Robert F. Kennedy Jr.’s personal crusade to “make America healthy again” is picking up steam and taking some startling turns.
Earlier this week, CBS News reports, the director of the National Institutes of Health Jay Bhattacharya said that his office is planning to build a tracking system for autistic people in the US, composed of private medical records, including from pharmacies, insurers, and even fitness trackers. The data would reportedly be used by select researchers as part of a series of studies into autism’s origins, which Kennedy, who oversees NIH as secretary of the Department of Health and Human Services, has ordered.

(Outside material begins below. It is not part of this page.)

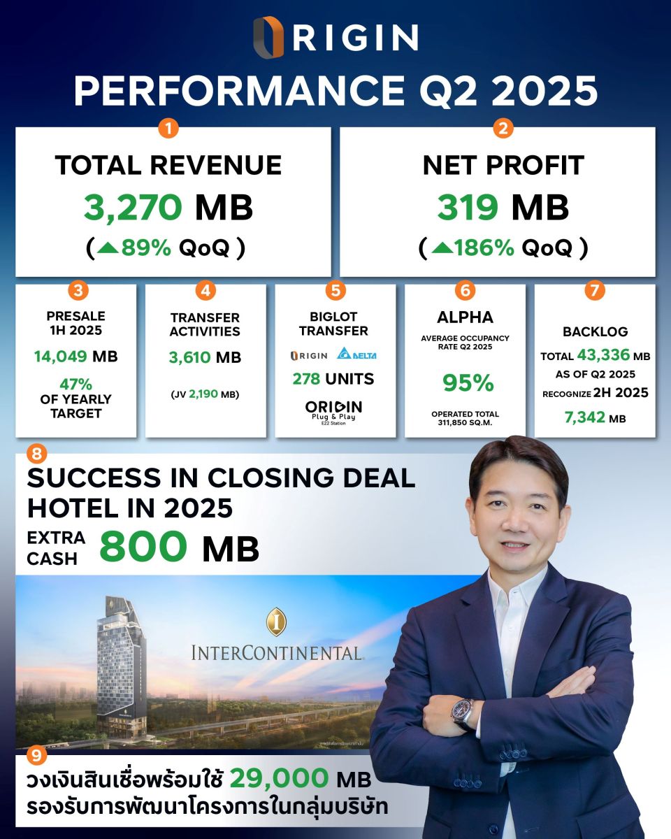 ออริจิ้น เผยผลประกอบการไตรมาส 2 ปี 2568 กวาดรายได้รวม 3,610 ล้านบาท กำไร 319 ล้านบาท เพิ่มขึ้นกว่า 3 เท่า (QoQ) ขณะที่ยอดขายบ้าน-คอนโด สะสม 6 เดือนแรกรวมอยู่ที่ 14,049 ล้านบาท คิดเป็น 47% ของเป้าทั้งปี พร้อมโชว์ Backlog ในมือกว่า 43,336 ล้านบาท สร้างรายได้ต่อเนื่อง 5 ปี Q3/2568 จ่อโอนคอนโดอีก 4 โครงการ แบ็คล็อคกว่า 4,000 ล้านบาท

The news of this deeply invasive effort came just days after Kennedy gave a harrowing talk about autism, referring to it as an “epidemic” that “destroys” families and children and mischaracterizing autistic people as being unable to hold jobs, have relationships, or pay taxes. Kennedy’s talk contradicted the findings of a new report by the Centers for Disease Control, which found that increased screening and changes to diagnostic criteria have contributed to rising rates of autism in the US.
Instead, Kennedy said his department would study the environmental causes of autism, and, it appears, he’s willing to go to troubling lengths to do so.
News about NIH’s plans drew swift backlash from both autism and privacy advocates. “The disability community, and many other marginalized communities, have reasonable fears, based in both historical events and in current policy pursued by the administration, of any attempts to create lists of marginalized people,” read a statement by the Autistic Self Advocacy Network.
While personal health information often is used for research, Ariana Aboulafia, a disability rights attorney at the Center for Democracy and Technology, said in a statement that collecting it without autistic people’s consent is “dangerous” and “crosses a line in the sand, particularly given longstanding and historical concerns surrounding the creation of registries of people with disabilities.”
While this may be the most disturbing development of Kennedy’s term so far, it’s hardly the only way he’s sought to reshape the landscape of public health in America over recent weeks. According to Politico, Kennedy is currently considering reversing the CDC’s recommendation that children receive COVID-19 shots. On Tuesday, Kennedy also said he’s working with the food industry to ban certain dyes by 2026.
All of that is in addition to the effects of the systematic gutting of HHS staff that Kennedy has overseen. In just the last month, the CDC has reportedly scrapped plans to help Texas schools control the measles outbreak there, amid layoffs. According to NPR, entire teams focused on car crashes, rape prevention and education, traumatic brain injury and more at the CDC have been let go. And while Kennedy has taken to calling sugar “poison,” he’s also presiding over an FDA that reportedly suspended quality control tests for dairy products and postponed a requirement for companies to trace and remove contaminated food.
Can’t you just feel America getting healthier?